I can’t think about the future. I can barely understand the past.
I remember the first time I came to Scotland. It was 1967, I’d just left school. I was working as a volunteer in a mental hospital in the Borders.
I felt so alone and so crazy in my feelings about myself I thought I could easily end up there as a patient too. I mean there i was, apparently male: with a male body and a male name and yet not feeling male.
Words like “transgender” simply did not exist back then and I had no understanding of how my feelings could exist or that anyone else could possibly feel the same.
I had no idea what to do with myself except try to suppress who i was and get on with life as best I could.
The thought that eventually I might be able to live openly as a woman and that that would actually not be that much of a problem to the people I encountered was simply beyond the scope of my wildest imaginations.
But there i am, and I wish I could predict an unproblematic and uninterrupted advance into the uplands of general acceptance for us all over the world.
That may be what will happen, and in my more cheerful moments I can see this as a real possibility.
But I also know from history that every step forwards is often accompanied by at least half a step backwards and that it is also perfectly possible that the nasty backlash we are living through just now might well gather strength and that we will find ourselves scapegoated and faced with the possibility of losing the rights we have so painfully gained.
So I keep struggling; and my work and my life are closely bound up with that struggle.
I started writing about trans issues in the early 90’s. I got nowhere. Everything i wrote was rejected, and nothing made any real impact until “The Gospel According To Jesus Queen of Heaven” in 2009, which provoked demonstrations outside the Tron Theatre in Glasgow, ferocious denunciations all over the world on the internet and in the tabloid press; and reproaches from trans activists because all I had apparently done was stir up hatred.
Yet I still tour the show and perform it wherever I can because it’s clear that the opposite is true.
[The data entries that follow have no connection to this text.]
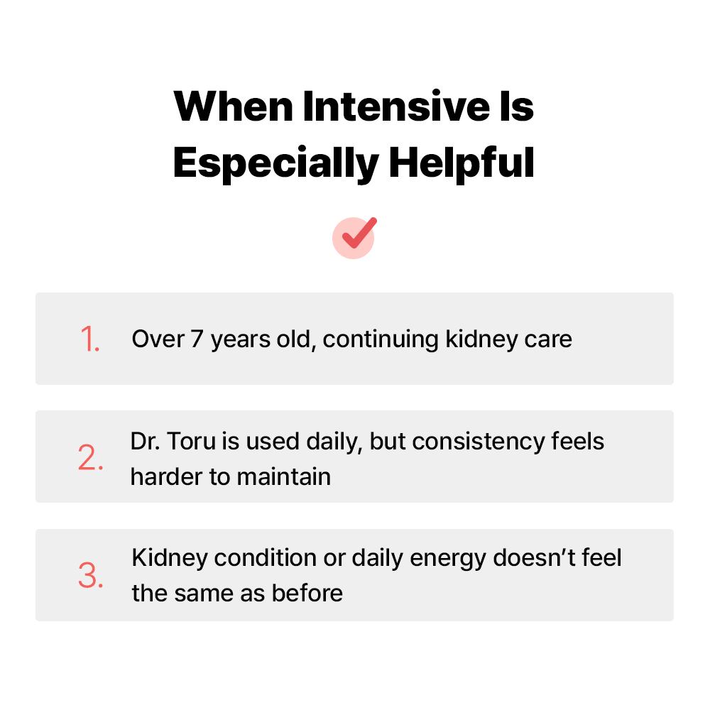 Intensive is designed for ongoing nutritional balance, especially for senior kidney-care cats.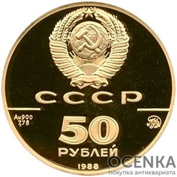 Золота монета 50 карбованців 1988 року. Софійський собор у Новгороді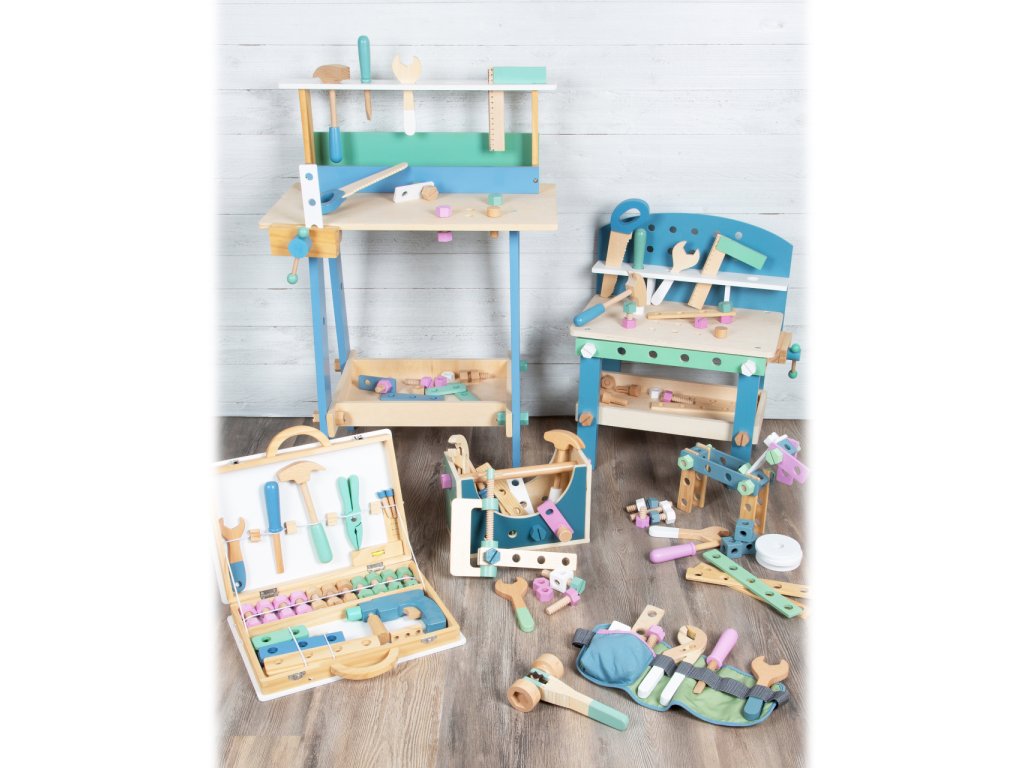 Video je pouze ilustrační, zobrazuje příbuzný produkt. Dejte průchod nadšenému kutilství! Malí řemeslníci i řemeslnice se pomocí kufříku s nářadím stanou nenahraditelnými profesionály. Naleznou v něm všechny nezbytné nástroje, od úhelníku s funkční vodováhou, až po maketu vrtačky s několika magnetickými nástavci. V příslušenství je zahrnuto také množství barevných stavebnicových dílů s robustními šrouby a maticemi. Jejich prostřednictvím mohou děti dát průchod své fantazii, vytvářet rozmanité konstrukce, a tak rozvíjet svou zručnost i další užitečné dovednosti. Pevný a odolný kufřík je uvnitř vybaven gumovými popruhy, díky nimž mohou být všechny součásti vždy bezpečně zajištěny a přehledně uspořádány. Je opatřen spolehlivým kovovým zavíráním a madlem přizpůsobeným ručkám malých šikulů. Souprava je vyrobena z kombinace překližky a masivního dřeva, může proto nabídnout vysokou životnost naplněnou bezpočtem těch nejužitečnějších zlepšováků. Lze vybírat z dvojice různě dekorovaných a barevných provedení, dílenský Miniwob a skandinávský Nordic. Hlavní vlastnosti:úhelník s vodováhou, klíč, šroubovák, kladívko, kleště a vrtačka se 3 nástavci12 plochých stavebnicových dílů různých délek a 11 šroubů s maticemirobustní a odolné dřevěné provedenípraktické a atraktivní balení

Here, and especially in South America, it’s proving itself as a powerful weapon of resistance against oppression.
Renata Carvalho, who performs the Portuguese version in Brazil in spite of repeated attempts to ban it, has just been hailed as the “Best Theatre Discovery of 2017” for her work in resisting censorship and fighting for trans rights and trans representative in the theatre, on TV and in the cinema.
Fabiana Fine, who performs the Spanish language version of the play, has just scored another personal triumph with sold out performances of the play in the de facto national theatre of Uruguay, the Teatro Solis, and there are plans now for a tour of the rest of Spanish speaking Latin America.
Meantime backing the UK I am part of a growing number of out trans performers whose talent is at last being recognised and who are making a difference both as artists and as role models.
I can’t predict how it will all turn out. But I know we are doing what we can: and things are changing.